[Records shown]

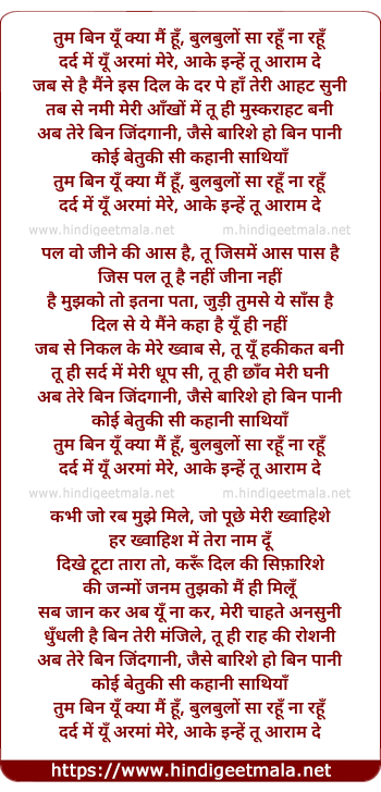 tum bin yu kya main hu, bulbulo sa rahu naa rahu
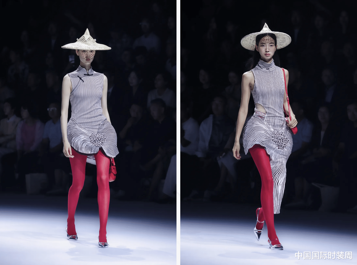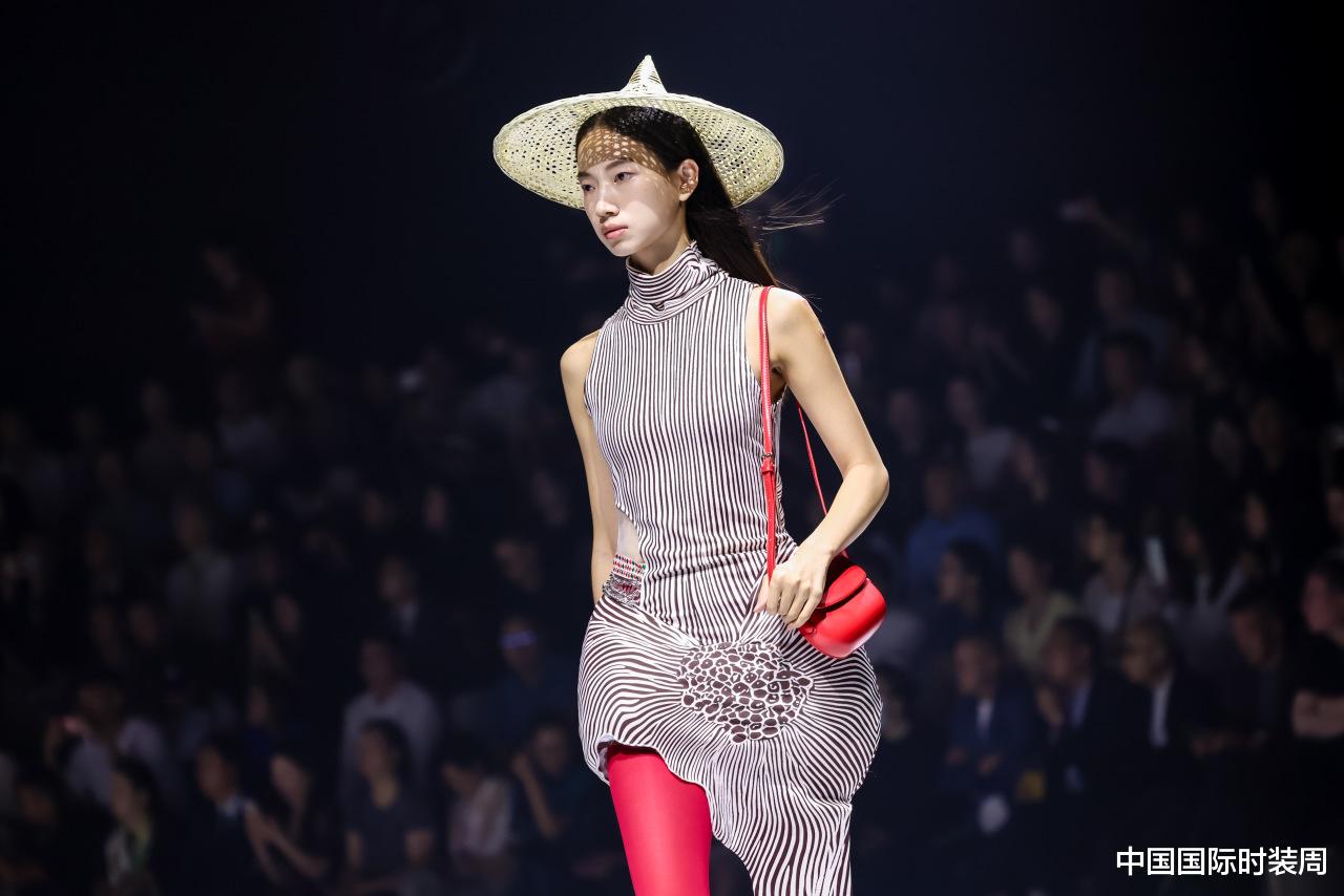 黄斗笠、花头巾、短上衣、宽筒裤、银腰带等传统惠女服饰元素经设计师陈宇解构重塑,以现代剪裁、创新面料与色彩组合焕发新生。模特步履间,仿佛惠安女踏浪而来,既有传统服饰的质朴底蕴,又不失当代设计的流动与张力。现场观众沉浸于海浪声、石凿声与闽南乐韵交织的氛围中,感受一场跨越时空的时尚对话。
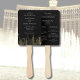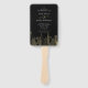 Este fã do programa que apresenta o horizonte de Las Vegas em ouro sobre fundo preto é uma forma excelente de acolher seus convidados e mantê-los legal em tempo quente. O lado frontal os obrigado por vir. O outro lado mostra seus detalhes da cerimônia e sua festa de casamento. Todos os campos podem ser personalizados de acordo com suas especificações
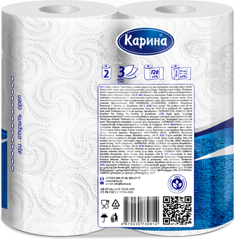 Казахстанская компания производитель бумажной санитарно-гигиенической продукции. Туалетная бумага и салфетки фирмы «Карина» — стандарт «де-факто» в домашнем хозяйстве и на производстве. |
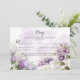 Rustic Boho RSVP com lavanda, roxo e flores silvestres de cor d'água mauve em um fundo de cor d'água púrpura claro. PARA ITENS CORRESPONDENTES, ENVIE-ME POR CORREIO ELETRÔNICO EM SHUTTERBUG600@YAHOO.COM.** NOTA *** Se precisar de ajuda para este convite ou para pedidos personalizados com os quais necessita de ajuda, não coloque este produto no carrinho. Em vez disso, envie-me um e-mail com sua solicitação em shutterbug600@yahoo.com. Toda remessa e impressão é manipulada pela Zazzle e as perguntas sobre seu pedido devem ser direcionadas para o suporte da Zazzle: https://www.zazzle.com/about/ask. Não tenho acesso à sua conta e não posso fazer alterações depois que você tiver feito seu pedido. Não tenho acesso à sua conta e não posso fazer alterações depois que você tiver feito seu pedido. Além disso, o CHAT não está vivo, mas respondo dentro de 24 horas.
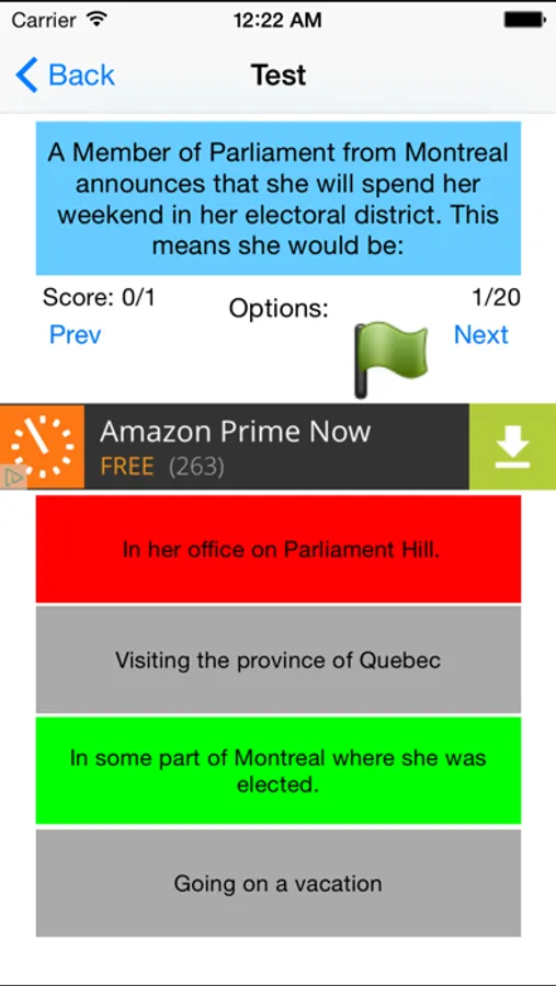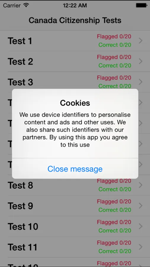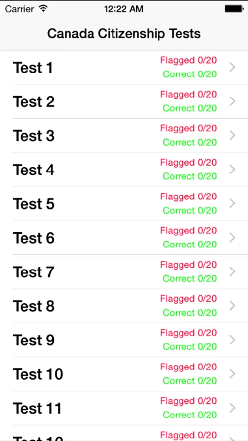 The App helps you get more than 28 tests - each of 20 questions. You can flag questions! It also shows how many questions you have answered correctly in each test.

[/Records shown]

Exercise »
What is needed is an exact reprint of every entry, pictures excluded.

Output for this exercise »
 tum bin yu kya main hu, bulbulo sa rahu naa rahu
 黄斗笠、花头巾、短上衣、宽筒裤、银腰带等传统惠女服饰元素经设计师陈宇解构重塑,以现代剪裁、创新面料与色彩组合焕发新生。模特步履间,仿佛惠安女踏浪而来,既有传统服饰的质朴底蕴,又不失当代设计的流动与张力。现场观众沉浸于海浪声、石凿声与闽南乐韵交织的氛围中,感受一场跨越时空的时尚对话。
 Este fã do programa que apresenta o horizonte de Las Vegas em ouro sobre fundo preto é uma forma excelente de acolher seus convidados e mantê-los legal em tempo quente. O lado frontal os obrigado por vir. O outro lado mostra seus detalhes da cerimônia e sua festa de casamento. Todos os campos podem ser personalizados de acordo com suas especificações
 Казахстанская компания производитель бумажной санитарно-гигиенической продукции. Туалетная бумага и салфетки фирмы «Карина» — стандарт «де-факто» в домашнем хозяйстве и на производстве. |
 Rustic Boho RSVP com lavanda, roxo e flores silvestres de cor d'água mauve em um fundo de cor d'água púrpura claro. PARA ITENS CORRESPONDENTES, ENVIE-ME POR CORREIO ELETRÔNICO EM SHUTTERBUG600@YAHOO.COM.** NOTA *** Se precisar de ajuda para este convite ou para pedidos personalizados com os quais necessita de ajuda, não coloque este produto no carrinho. Em vez disso, envie-me um e-mail com sua solicitação em shutterbug600@yahoo.com. Toda remessa e impressão é manipulada pela Zazzle e as perguntas sobre seu pedido devem ser direcionadas para o suporte da Zazzle: https://www.zazzle.com/about/ask. Não tenho acesso à sua conta e não posso fazer alterações depois que você tiver feito seu pedido. Não tenho acesso à sua conta e não posso fazer alterações depois que você tiver feito seu pedido. Além disso, o CHAT não está vivo, mas respondo dentro de 24 horas.
 The App helps you get more than 28 tests - each of 20 questions. You can flag questions! It also shows how many questions you have answered correctly in each test.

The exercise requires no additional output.